▸ EXCERPTED DATA
########################################

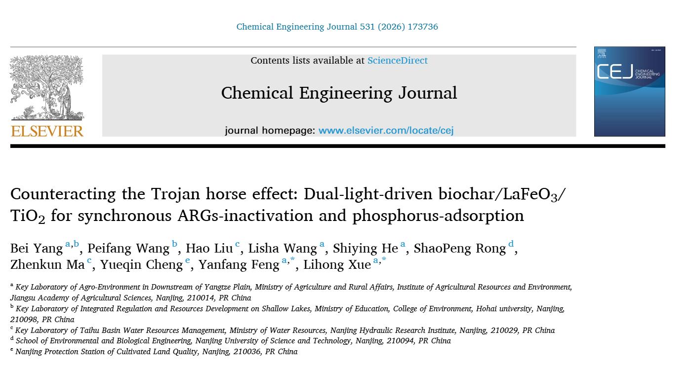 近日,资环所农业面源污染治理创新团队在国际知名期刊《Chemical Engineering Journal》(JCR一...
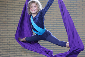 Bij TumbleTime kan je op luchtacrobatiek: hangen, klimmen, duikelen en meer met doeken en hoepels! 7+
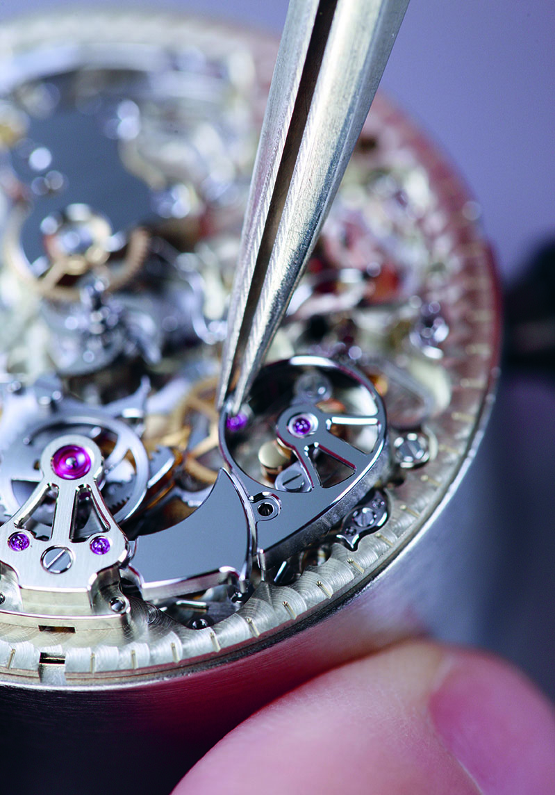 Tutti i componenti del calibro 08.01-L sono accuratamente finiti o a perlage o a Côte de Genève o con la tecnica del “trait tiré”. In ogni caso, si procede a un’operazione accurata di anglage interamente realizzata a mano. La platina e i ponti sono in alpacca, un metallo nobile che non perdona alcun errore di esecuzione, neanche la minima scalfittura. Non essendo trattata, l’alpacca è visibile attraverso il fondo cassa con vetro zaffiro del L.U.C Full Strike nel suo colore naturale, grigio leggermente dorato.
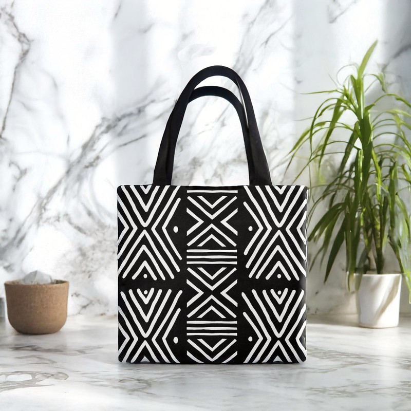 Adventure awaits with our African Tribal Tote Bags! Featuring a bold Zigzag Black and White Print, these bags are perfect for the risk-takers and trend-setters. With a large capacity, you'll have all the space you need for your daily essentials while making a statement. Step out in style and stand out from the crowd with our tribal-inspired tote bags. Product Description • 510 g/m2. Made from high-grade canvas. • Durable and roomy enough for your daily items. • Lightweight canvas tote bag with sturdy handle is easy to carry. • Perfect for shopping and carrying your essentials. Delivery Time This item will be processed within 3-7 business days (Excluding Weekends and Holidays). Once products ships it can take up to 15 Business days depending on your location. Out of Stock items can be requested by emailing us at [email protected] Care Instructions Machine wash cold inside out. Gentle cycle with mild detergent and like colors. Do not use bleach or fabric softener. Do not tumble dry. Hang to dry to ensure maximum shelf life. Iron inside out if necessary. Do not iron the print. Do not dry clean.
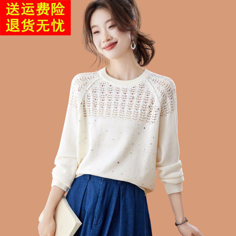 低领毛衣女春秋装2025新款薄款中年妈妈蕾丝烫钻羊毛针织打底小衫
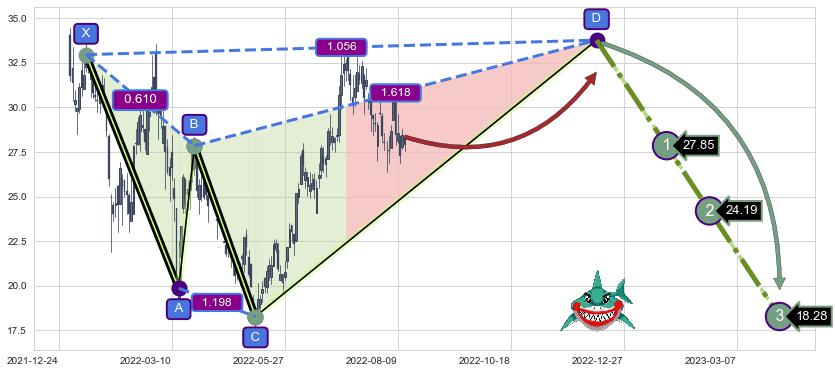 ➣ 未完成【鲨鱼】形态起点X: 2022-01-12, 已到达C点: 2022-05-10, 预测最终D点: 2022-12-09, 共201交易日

########################################

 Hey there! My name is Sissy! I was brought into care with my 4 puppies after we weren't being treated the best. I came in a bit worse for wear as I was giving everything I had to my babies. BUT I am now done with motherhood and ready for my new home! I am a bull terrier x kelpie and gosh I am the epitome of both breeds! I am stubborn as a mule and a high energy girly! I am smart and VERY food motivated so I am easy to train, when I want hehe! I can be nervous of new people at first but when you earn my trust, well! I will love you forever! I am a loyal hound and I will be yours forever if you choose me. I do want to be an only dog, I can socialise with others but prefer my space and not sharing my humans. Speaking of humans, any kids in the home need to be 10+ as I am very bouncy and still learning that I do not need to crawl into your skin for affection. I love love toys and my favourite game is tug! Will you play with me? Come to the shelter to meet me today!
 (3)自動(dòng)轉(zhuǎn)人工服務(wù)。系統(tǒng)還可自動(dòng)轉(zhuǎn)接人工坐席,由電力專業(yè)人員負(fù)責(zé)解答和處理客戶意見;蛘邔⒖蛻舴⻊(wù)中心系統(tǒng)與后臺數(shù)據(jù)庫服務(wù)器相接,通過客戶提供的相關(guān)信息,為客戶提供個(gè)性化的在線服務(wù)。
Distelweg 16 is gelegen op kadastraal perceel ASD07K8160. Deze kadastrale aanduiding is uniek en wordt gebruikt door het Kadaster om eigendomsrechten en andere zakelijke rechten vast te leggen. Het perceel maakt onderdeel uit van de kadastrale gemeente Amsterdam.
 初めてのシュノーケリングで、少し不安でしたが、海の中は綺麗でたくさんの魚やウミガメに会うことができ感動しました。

########################################

Look above for the line with "(3)自動(dòng)轉(z"; retype exactly that line, every line after it up to the line with "初めてのシュノーケリングで、", and that line too, nothing else.

 (3)自動(dòng)轉(zhuǎn)人工服務(wù)。系統(tǒng)還可自動(dòng)轉(zhuǎn)接人工坐席,由電力專業(yè)人員負(fù)責(zé)解答和處理客戶意見;蛘邔⒖蛻舴⻊(wù)中心系統(tǒng)與后臺數(shù)據(jù)庫服務(wù)器相接,通過客戶提供的相關(guān)信息,為客戶提供個(gè)性化的在線服務(wù)。
Distelweg 16 is gelegen op kadastraal perceel ASD07K8160. Deze kadastrale aanduiding is uniek en wordt gebruikt door het Kadaster om eigendomsrechten en andere zakelijke rechten vast te leggen. Het perceel maakt onderdeel uit van de kadastrale gemeente Amsterdam.
 初めてのシュノーケリングで、少し不安でしたが、海の中は綺麗でたくさんの魚やウミガメに会うことができ感動しました。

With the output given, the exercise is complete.